The antihypertensive effects of calcium are marked in patients with low-renin (salt-sensitive) hypertension, but weak in those with high-renin (nonsalt-sensitive) hypertension.43 In addition, high dietary calcium inhibits an increase in BP on salt loading.44 Sympatho-inhibiting and natriuretic actions45 may be involved in this mechanism.
Exercise
Several studies reported that moderate exercise enhanced the urinary excretion of Na.46, 47 The kallikrein–kinin system, an increase in the dopamine level and suppression of the sympathetic nervous system may be involved in the mechanism.
Mental stress
Mental stress may inhibit the urinary excretion of Na through sympathetic nerve stimulation.

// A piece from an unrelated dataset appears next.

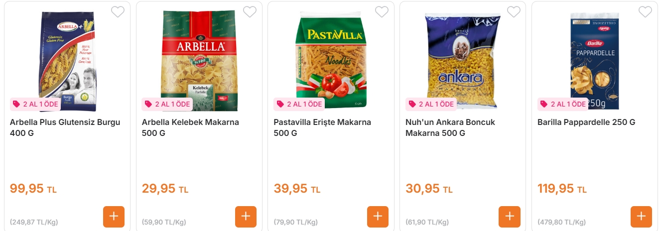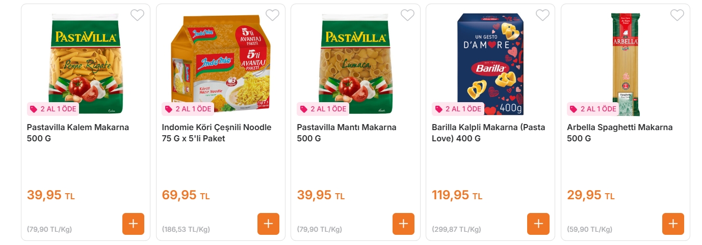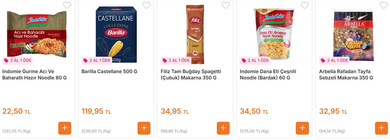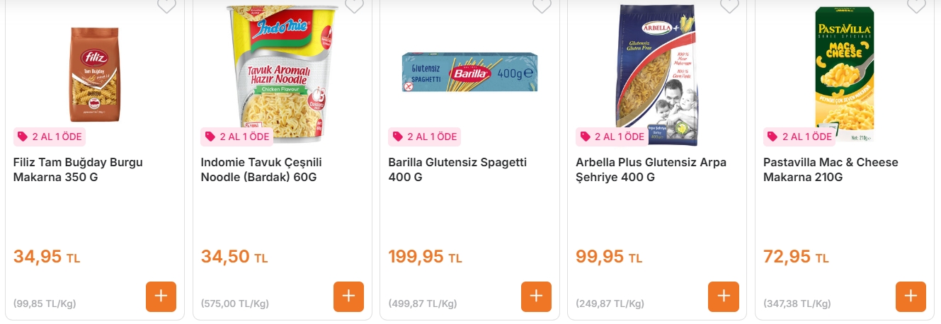 Migros, 27-28 Şubat tarihleri arasında geçerli olacak kampanya kapsamında listede yer alan makarnalarda aynı üründen 2 alana 1 ürün bedava fırsatı sunuyor. İndirim tutarı sepette otomatik olarak düşüyor.

A study indicated that a combination of salt loading and mental stress caused hypertension.48 In contrast, dietary salt reduction may reduce sympathoexcitation in the presence of stress. There are individual differences in the mental stress-associated decrease in renal Na excretion. Among normotensive individuals, the inhibitory effects of mental stress on urinary Na excretion were marked in high-risk individuals with a family history of hypertension or high normal BP values.49
Conclusion
The improvement of obesity/metabolic syndrome, DASH diet, exercise and mental stress reduction may inhibit the salt-induced increase in BP. In contrast, dietary salt reduction may reduce the obesity- and stress-associated rise in BP.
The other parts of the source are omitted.